Historical story

The most unsuccessful executions in history [18+]

Last updated:2022-07-25

It might seem that there is nothing easier than carrying out the death penalty. Tying a rope, grabbing an ax in the hand, or giving a lethal injection shouldn't be that hard. But is it really?

There were so many ineptly executed death sentences that the special term "botched executions" was coined for them - bunched executions. Their common feature? The convicted person is suffering longer or more than necessary.

Nobody says that going to the scaffold should be easy and fun, but humanitarianism requires that dying should be as short as possible and not cause additional suffering. And although many will say, "what the hell, he deserved!", some cases of inept executions really make him sick .

Shorten their heads!

The death sentence by decapitation could be carried out in various ways depending on the times and circumstances. The guilty (or wrongly accused) lost their heads under axes, as a result of being cut with a sword or under a guillotine. It wasn't always a quick death though . Much depended on the efficiency of the executioner or the condition in which the particular tool was used. Do you remember the death of Anna Boleyn and how Henry VIII brought her the best executioner in France? In this way, he just spared her extra suffering.

Henry VIII was perhaps not the best husband, but at least he made sure that his second wife, Anna Boleyn, had a quick and painless death.

In medieval Europe, execution with a sword was reserved for representatives of high society. In the Renaissance, even less-born people could "count" on her. A skilled executioner could behead a condemned man in one fell swoop, even when he was standing. However, if the master of ceremonies had a bad day or was simply not a specialist in his profession, things could have gone much worse ...

In 1699, Angelique Tiquet was sentenced to death for killing her husband. The Parisian woman was about to be beheaded when it started raining. What is delayed is not lost. After half an hour of waiting, the executioner finally got down to work, but at this point the woman turned her head to ask him to try not to disfigure her. It caused the man to miss and cut the side of her neck; then he made another missed attempt. He only killed the woman with the third blow. And that's still nothing. It is said that in 1626 it took as many as 29 blows of the sword for Count de Chalais to die.
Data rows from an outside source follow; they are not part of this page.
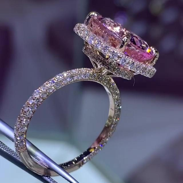 Jzora handmade vintage pink diamond sterling silver engagement ring
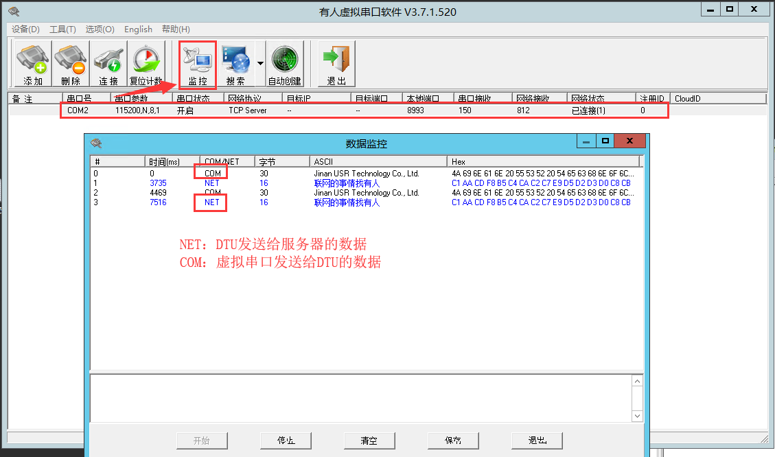 虛擬串口還有一個監(jiān)控的功能,可以監(jiān)控數(shù)據(jù)收發(fā),見下圖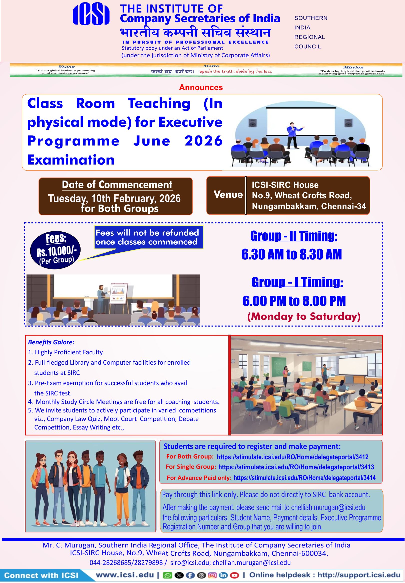 Class Room Teaching for Executive Programme june 2026 Examination from 10th February, 2026 at ICSI-SIRC House, Chennai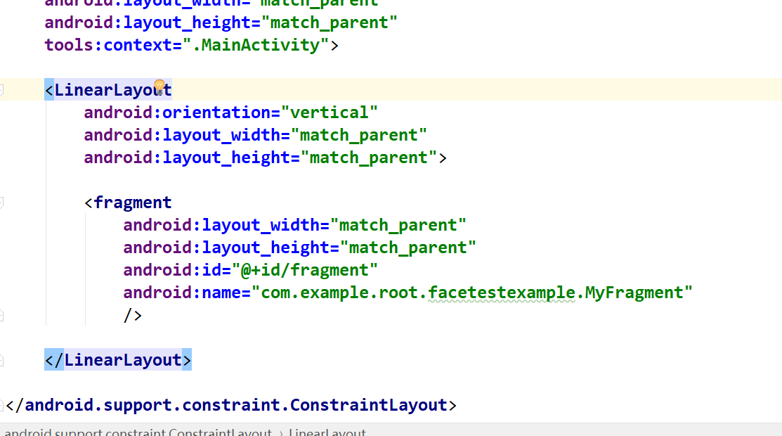 第三:在 main_xml 布局中修改,使用 < fragment > 标签来添加碎片,并且切记切记要加上 android:name 属性。之后会有自动提示,加载的完整形式是 包名.类名

It's hard to imagine what such an execution must have looked like.

Johnatan J. Moore, in his book "Hang, Gibber, and Dismember" describes the case of an executioner in 1641, who botched his work so much that he barely escaped alive. The crowd was furious with his incompetence and almost lynched him . The convict at the time was the young and apparently exceptionally beautiful Margaretha Voglin, a child-killer with no criminal past, who committed a crime (like many women of that time) to save her honor.
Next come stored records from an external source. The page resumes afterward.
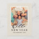 Envoyez vos vœux de fêtes à votre famille et à vos amis. La carte postale photo du Nouvel An comporte un script Bonjour Nouvel An sur un fond de texture de toile de jute faux.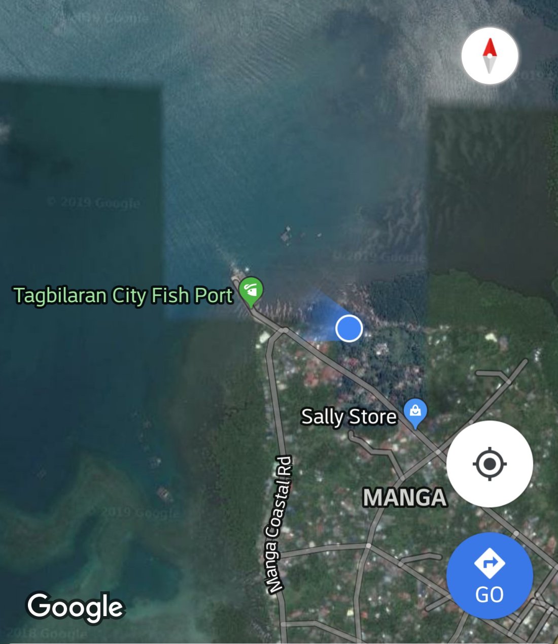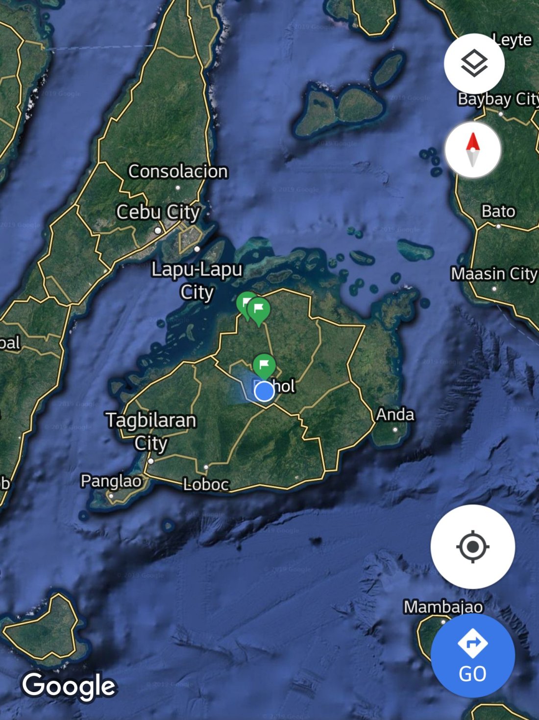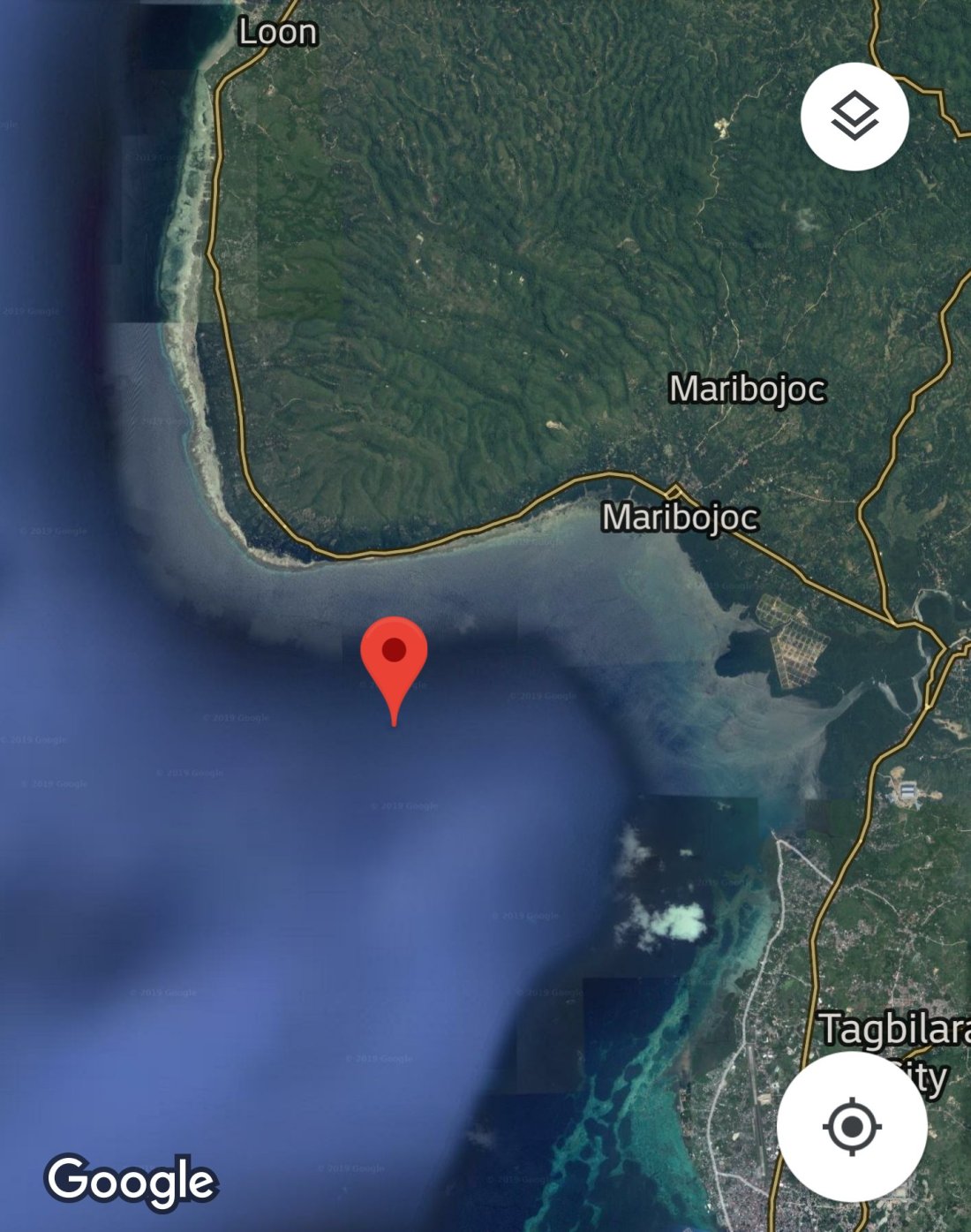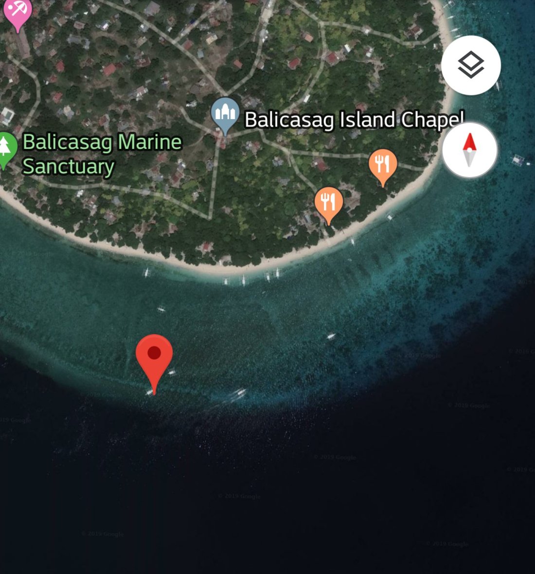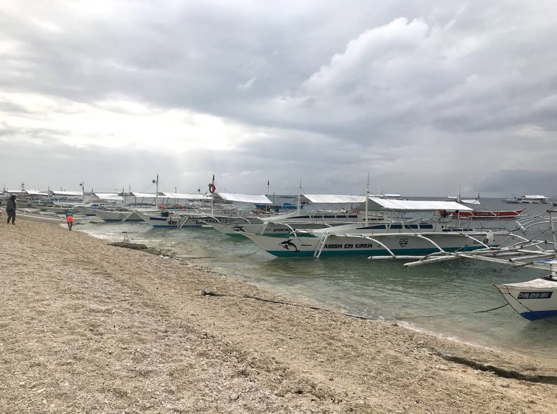This actually look almost identical to when we got there. The big boats from Bohol and Cebu park like this and the little boats that get paddled out for snorkelling go underneath the outriggers. Another guy paddled us out to the reef for snorkelling. We snorkelled about at the pin.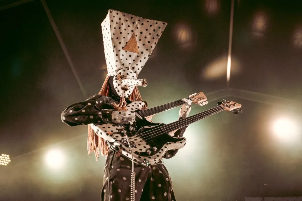 Если кто и успел удивить публику по-настоящему в 2026 году, то это канадский дуэт Angine De Poitrine. Сложно представить на сегодняшней сцене нечто более странное. Это двое музыкантов в черно-белых одеяниях в крупный горох в стиле Андрея Бартенева. Исполнители скрывают лица под громоздкими колпаками, так что невозможно даже определить их пол, тем более что называют они себя “Khn” и “Klek”. Один сидит за барабанами, другой (или другая) играет на двухгрифовом инструменте, объединяющем в себе микротональную электрогитару и бас, причем, звук закольцован при помощи сэмплеров. Самое общее определение их стиля —math-рок, то есть, математически выверенная музыка со сложными изменениями ритма. На сайте же Angine De Poitrine дано такое определение: mantra-rock dada pythago-cubiste. При всей сложности концепта концерты Angine De Poitrine — чистый отвяз. Зрители веселятся как дети и уже успели выучить фирменное танцевальное движение музыкантов — «волна» из рук, напоминающая о танце маленьких лебедей в известном балете.

When it came down to it, the executioner swung and ... hit the back of the chair, only injuring Margaret. She fell to her knees, begging for her life to be spared, but there was no escaping the sentence. Meanwhile, attempt number two also proved unsuccessful - the nervous exhausted woman only lost a piece of skin on her neck. The laments and fury of the crowd were of no avail. The torturer decided that up to three times the play and this time he called an assistant to hold the condemned man. In the end, he literally saw off her head, and if he hadn't escaped from the crowd, he would have certainly ended up miserably.

More about how the death penalty was carried out over the centuries in the book:"Hang, gut and dismember, or the history of an execution":

What is to hang…

What could have gone wrong with the execution by hanging? A lot! First of all, the executioner may have used the wrong length of rope. When it was too short, death did not come quickly enough, when too long - the condemned person often ended up headless, because it was torn under his weight (This is what ended up with "Black Jack" Ketchum, who deliberately gained weight before his execution, which his torturer missed and did not adjust the rope to the weight of the criminal).
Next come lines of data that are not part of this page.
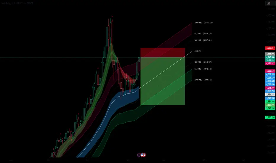 Gold (XAU/USD) recently hit resistance near 4180–4200, a zone aligned with previous structural highs and a key Fib retracement zone (38.2%) from the recent swing top. The price has lost bullish momentum after a sharp rally, showing rejection wicks and fading volume. The multi-color ribbon EMA suggests early signs of a bearish crossover — indicating potential for a deeper correction.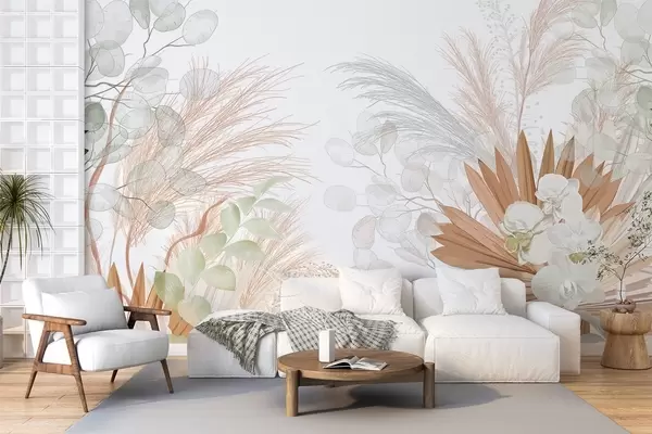 Fotomurales Hierba de la pampa, eucalipto, hojas tropicales y orquídeas sobre fondo blanco, colores pastel. Nr. w09366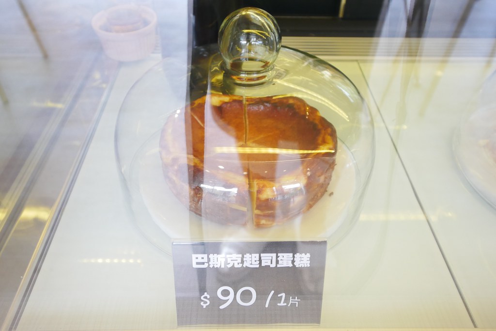 櫥櫃裡擺放著甜點,聽闆娘說這些都是他們自已做的…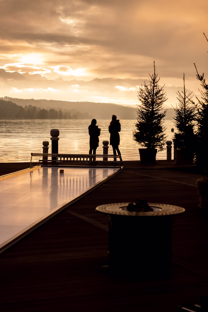 Heiße Maroni, gebrannte Mandeln, hausgemachter Glühwein und Punsch. Das sind die Klassiker, die den weihnachtlichen Duft versprühen. Ergänzt werden sie am Glühweinstandl von Delikatessen wie Champagner mit Austern, Kaviar-Trüffel-Flammkuchen, Schmalzbrot vom Wagyu Beef, Mini-Selchwürsten, pikante und süße Waffeln. Getoppt wird das alles noch mit Extravagantem: Eisstockschießen auf der einzigartigen Infinity-Bahn direkt auf dem Steg unter Anleitung des einheimischen Stockmeisters, Foto-Posing beim Kärntner Herzerlbaum und Schwimmen in die leuchtende Zukunft im bis zu 28 Grad beheizten Seebad. Staunen ohne Ende ist bei diesem stillen Advent am See garantiert.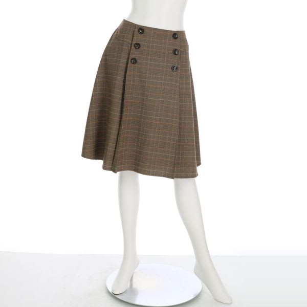 フロントボタンデザインのチェック柄スカート。フレア袖のブラウスを合わせてキレイめに仕上げたり、ボウタイブラウスをインしてかっちりと仕上げたりと、色々なスタイルが楽しめます!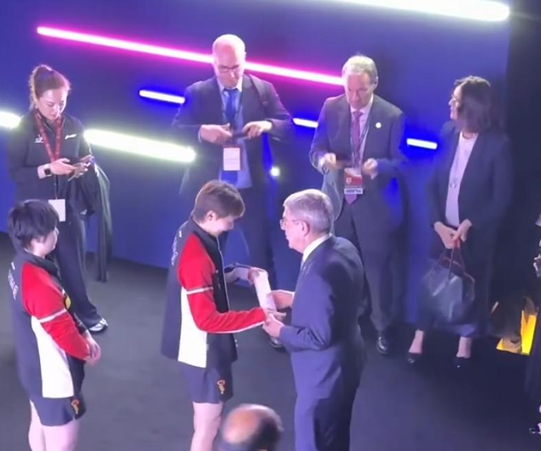 賽後巴赫也在球員通道等着王曼昱,他送上了自己爲王曼昱準備的小禮物,王曼昱收到禮物後露出了可愛的笑容。

It also happened that the rope was so long that the condemned person… touched the ground with his feet! There was no question of a quick death then. The executioner and his assistants (and sometimes the volunteers from the crowd) had to hang from the legs of the would-be victim for the victim to suffocate. However, there were cases even more spectacular. Jonathan Moore describes such a situation:

Kat John Thrift botched the execution of Thomas Reynolds in 1736 by cutting him off the gallows too early. Even though Reynolds seemed already dead, he suddenly sat down as he was put in the coffin .

Thrift dragged the condemned man back to the scaffold, but the crowd went mad with rage - the rule that you can't convict someone twice for the same thing is very old. The criminals were not hanged a second time, but died anyway as a result of their injuries.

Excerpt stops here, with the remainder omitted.